Jeffrey Flocken is the North America Regional Director of the International Fund for Animal Welfare (IFAW), an organization dedicated to protecting wildlife. All views expressed in this commentary are solely his. For more about the debate over big game trophies, watch CNN Films’ “Trophy,” premiering Sunday, January 14, at 9pm ET/PT, on CNN.
Corey Knowlton bid $350,000 for a permit to hunt and kill a black rhino in Namibia
The hunter says it's a vital component of Namibia's effort to save the animal from extinction
Jeffrey Flocken: This does not make sense morally, economically, biologically
Killing endangered wildlife to save it is just wrong.
It does not make sense morally, economically, biologically, or from a conservation-incentive point of view. It is a philosophy that has no place in modern conservation.

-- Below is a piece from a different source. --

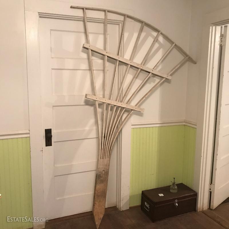 Lot 168:Vintage Tall Wood Fan Trellis and Gardening Tools

And even though it is Americans who constitute a major percentage of the world’s trophy hunters, this small, wealthy club of big game sport hunters do not embrace the values of the vast majority of other Americans who appreciate the many non-exploitative values of wild animals.
For example, a Synovate eNation poll in 2011 found that of those responding to its survey, 70.4% of Americans would pay to view lions on an African safari, while only 6.6% would pay to hunt them.
And opposition is not just theoretical – a poll conducted by the Beekeeper group on behalf of the IFAW in 2014 found that 82% of Americans surveyed support banning lion trophies, and 83% support banning elephant trophies.
Economically, the actual benefits accrued by local people from the hunts have been found to be exaggerated or practically non-existent in the case of trophy hunted animals like polar bears in Canada, according to a report for IFAW by Economists at Large. And in Tanzania – one of Africa’s top sport-hunting destinations – an estimated 3-5% of hunting revenues are actually shared with fringe communities, according to a report by Hassanali Thomas Sachedina of St. Anthony’s College, University of Oxford.
Conversely, eco-tourism has become such a critical line item in the economies of some African countries that some governments are taking steps against sport hunting in order to protect this more vital industry.
Following Kenya’s lead, which banned trophy hunting in 1977, countries like Botswana have implemented country-wide bans on certain or all big game sport hunting, noting that species are showing significant declines, while eco-tourism is a more important source of revenue to their nation.
From a biological perspective, the long-term survival of an imperiled species is extremely complicated; trophy hunting not only flies in the face of a precautionary approach to wildlife management, but in some cases it has also been found to undermine it.
A case in point: hunters are not like natural predators. They target the largest specimens; those with the biggest tusks, manes, antlers or horns.
Survival of the weak
It is part of a trend called “evolution in reverse” or “survival of the weak,” and scientists have pointed out that sport-hunted populations of species like bighorn sheep now have smaller horns than those of 30 years ago, and after decades of poaching and trophy hunting giant-tusked elephants are a rarity in the wild. Is this good or sustainable conservation? Clearly not.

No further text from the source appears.